* [Working data]
★ ★ ★ ★

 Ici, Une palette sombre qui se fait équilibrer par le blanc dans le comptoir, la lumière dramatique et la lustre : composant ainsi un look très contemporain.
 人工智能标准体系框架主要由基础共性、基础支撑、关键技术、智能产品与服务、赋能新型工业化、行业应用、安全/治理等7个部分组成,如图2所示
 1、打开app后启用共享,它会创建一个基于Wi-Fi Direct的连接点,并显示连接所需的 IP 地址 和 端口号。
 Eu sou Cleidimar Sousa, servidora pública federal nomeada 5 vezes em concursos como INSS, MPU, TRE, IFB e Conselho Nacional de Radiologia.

★ ★ ★ ★

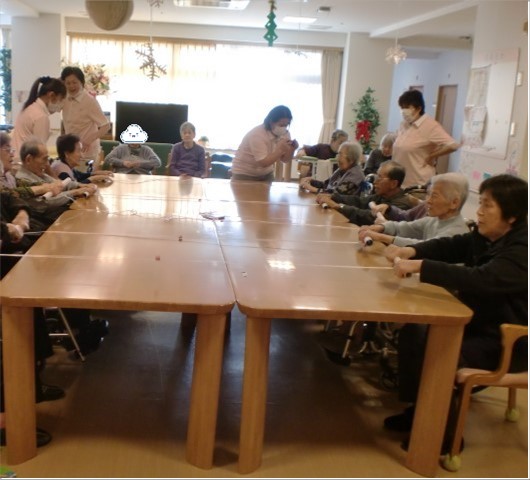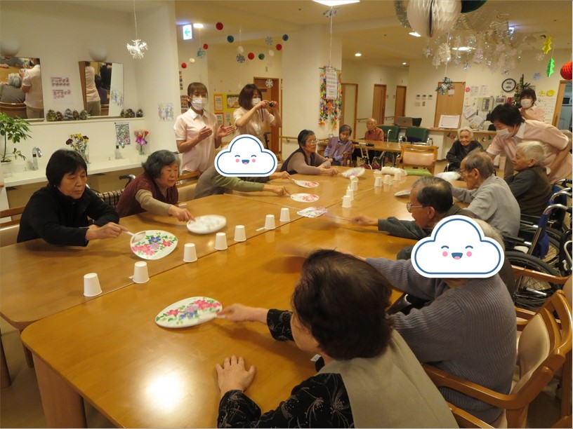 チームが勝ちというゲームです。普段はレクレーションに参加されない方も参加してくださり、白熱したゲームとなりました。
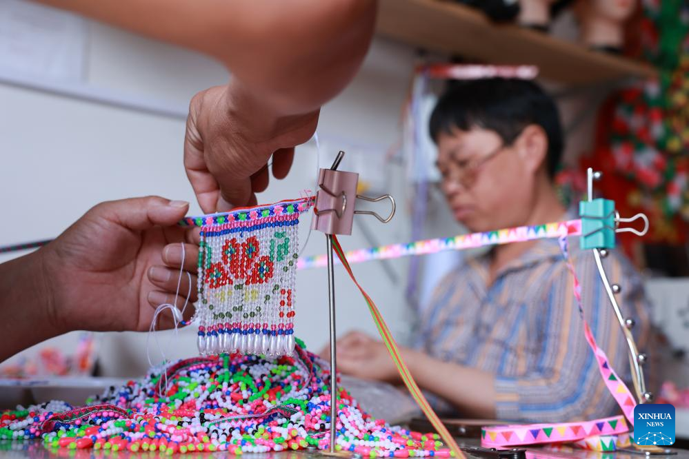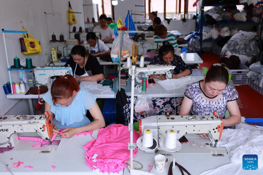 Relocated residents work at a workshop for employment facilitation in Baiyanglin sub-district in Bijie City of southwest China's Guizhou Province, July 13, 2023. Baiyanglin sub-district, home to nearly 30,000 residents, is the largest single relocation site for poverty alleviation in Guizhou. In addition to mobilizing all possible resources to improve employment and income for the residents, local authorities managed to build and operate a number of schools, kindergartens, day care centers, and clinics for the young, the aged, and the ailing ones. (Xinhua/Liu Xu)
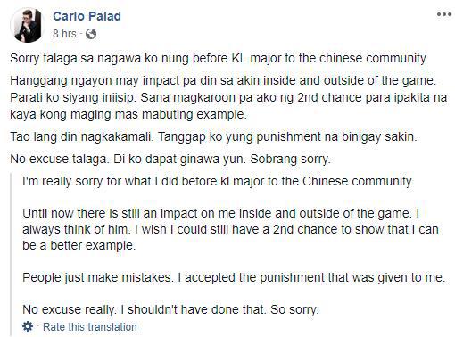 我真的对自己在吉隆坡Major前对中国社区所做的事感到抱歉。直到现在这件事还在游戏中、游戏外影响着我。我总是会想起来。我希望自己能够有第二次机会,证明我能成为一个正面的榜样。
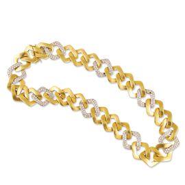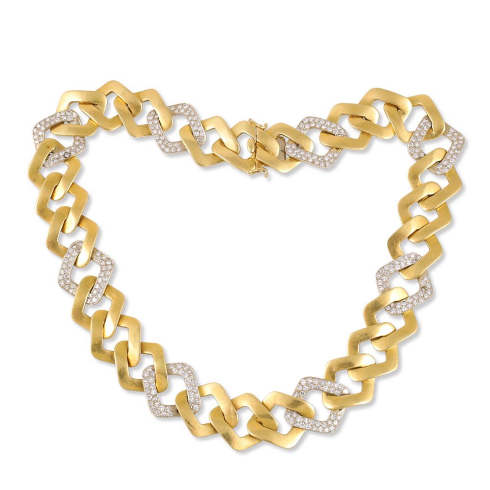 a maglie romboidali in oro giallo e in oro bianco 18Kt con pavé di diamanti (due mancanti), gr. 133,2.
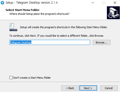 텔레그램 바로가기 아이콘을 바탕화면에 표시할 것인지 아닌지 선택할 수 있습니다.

★ ★ ★ ★

* [Description of the task] Of all the entries above, repeat only the lines from the line that has "Ici, Une palette" to the line that has "Eu sou Cleidimar", both lines included, exactly.

* [Solution to the exercise]
 Ici, Une palette sombre qui se fait équilibrer par le blanc dans le comptoir, la lumière dramatique et la lustre : composant ainsi un look très contemporain.
 人工智能标准体系框架主要由基础共性、基础支撑、关键技术、智能产品与服务、赋能新型工业化、行业应用、安全/治理等7个部分组成,如图2所示
 1、打开app后启用共享,它会创建一个基于Wi-Fi Direct的连接点,并显示连接所需的 IP 地址 和 端口号。
 Eu sou Cleidimar Sousa, servidora pública federal nomeada 5 vezes em concursos como INSS, MPU, TRE, IFB e Conselho Nacional de Radiologia.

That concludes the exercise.